§ **Instructions for the task**
Provide only the number of lines in the records where "Penyampaian" appears.

--- Raw data Enclosed Below ---

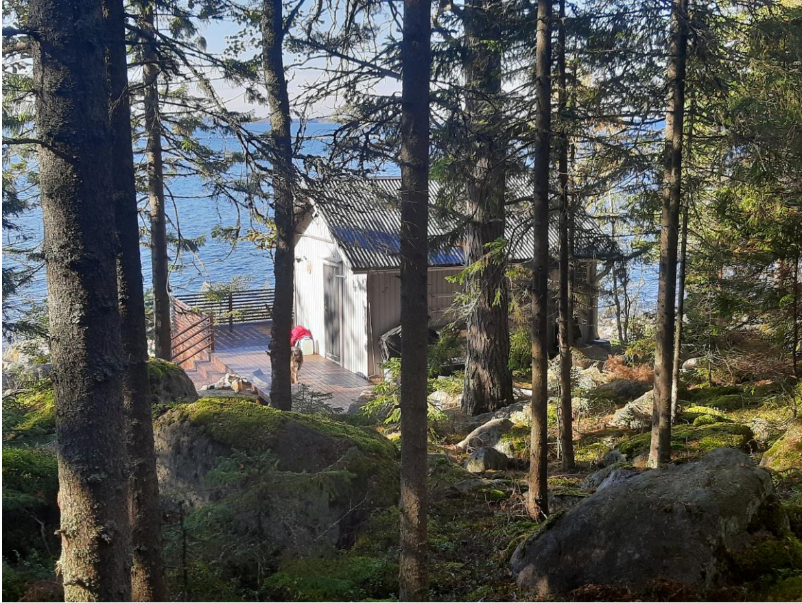
Bild 5. Fastigheten sedd från öster mot havet i nordväst.
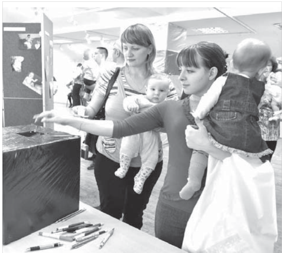
Мамы голосовали за лучшие фотографии
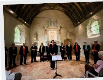
28 Juin Chœur de femmes « Dodécadames »
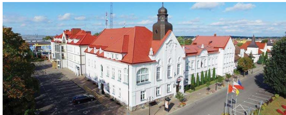
Głosowanie w ramach BO 2026 rozstrzygnięte
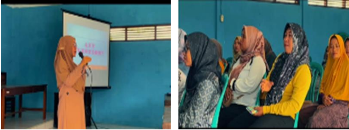
Gambar 3. Penyampaian materi PKM dan sesi tanya jawab

Penyampaian materi disampaikan dengan metode ceramah menggunakan power point. Kemudian dilakukan tanya jawab. Hal ini dilakukan untuk memberikan waktu pada peserta menanyakan hal-hal yang belum dipahami atas materi yang telah disampaikan. Diskusi dan tanya jawab berlangsung sangat baik, ditandai dengan aktifnya peserta dalam bertanya dan sharing pengalaman mereka ketika menggunakan obat. Kemudian dilanjutkan dengan Post test .
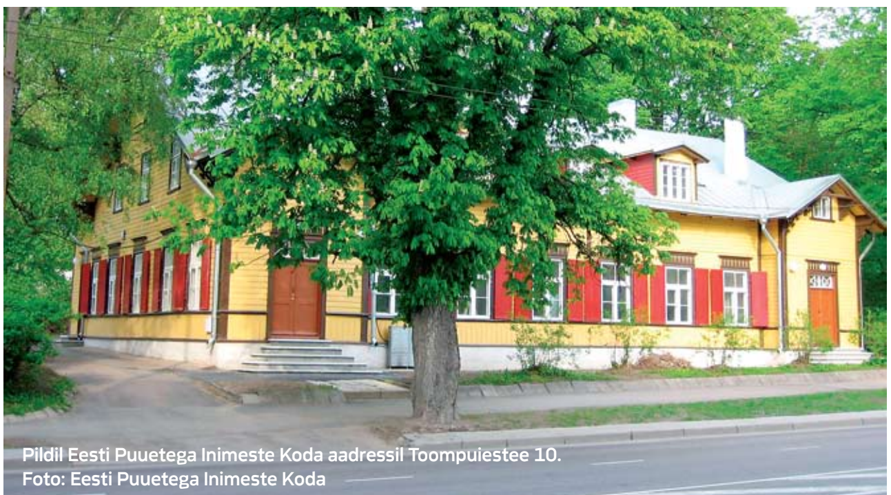
Pildil Eesti Puuetega Inimeste Koda aadressil Toompuiestee 10.
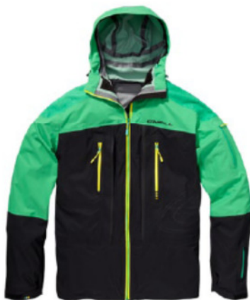
EXPLORE JONES SLAYER JACKET (150000)
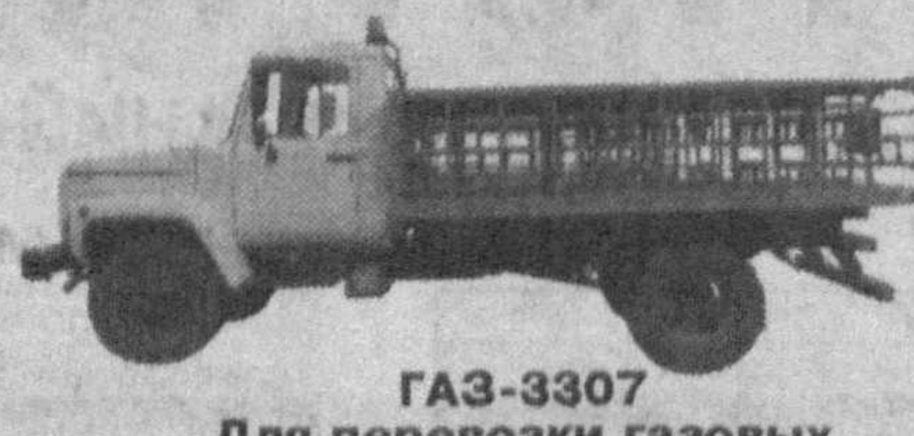
GAZ-3307 Для перевозки газовых баллонов (40 шт.)
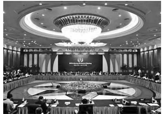
Una vista de la sesión de la OMC.

Ese mecanismo estadounidense crea obstáculos a las inversiones extranjeras en la Isla, asociadas a la comercializa-
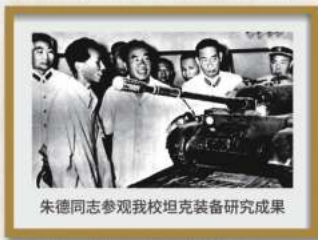
朱德同志参观我校坦克装备研究成果
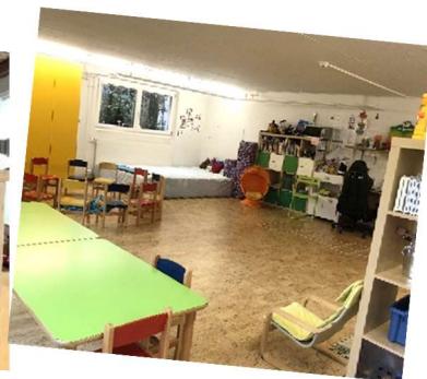
Raum Zopf matt
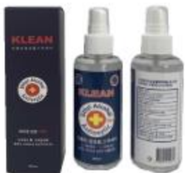
알코올 소독 스프레이 150ml 가정용, 작은 사무실에 두고 사용
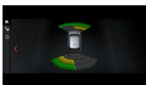
Система допомоги при парковці (PDC), передня і задня S0508
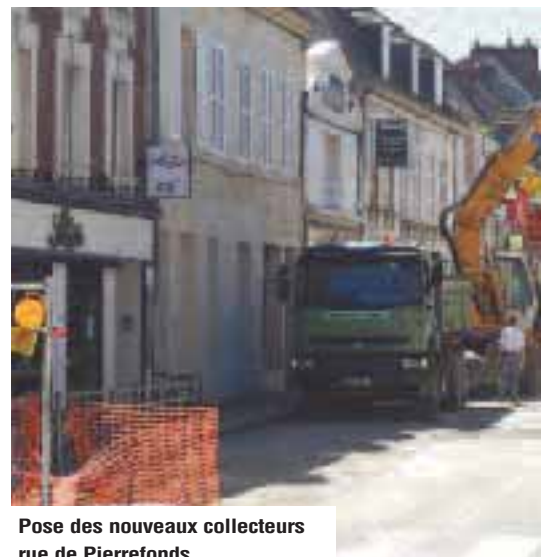
Pose des nouveaux collecteurs rue de Pierrefonds
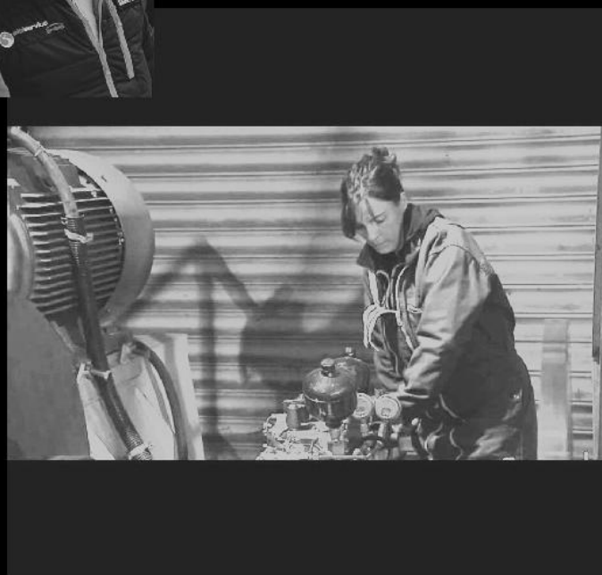
Dameur l'hiver en station de ski et Berger l'été
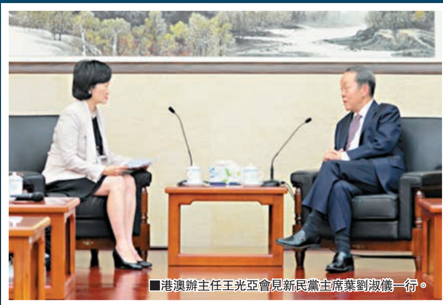
港澳辦主任王光亞會見新民黨主席葉劉淑儀一行。

香港文匯報訊（記者 江鑫嫻、實習記者 陳佩君 北京報道）國務院港澳辦主任王光亞昨日在北京會見新民黨訪京團，雙方討論政改等問題。新民黨會後引述，王光亞強調中央政府堅定不移支持香港2017年普選特首，並透露自己曾與反對派議員接觸，明白他們擔心出路問題，呼籲反對派回到正軌，依照香港基本法及全國人大常委會的決定，「他們一樣有發展空間。」王光亞又指香港有太多注重私利的政客，建議香港多培育一些真正為香港謀福利、說真話的政治家。

--- End of Enclosed Raw data ---

§ **Solution for this task**
2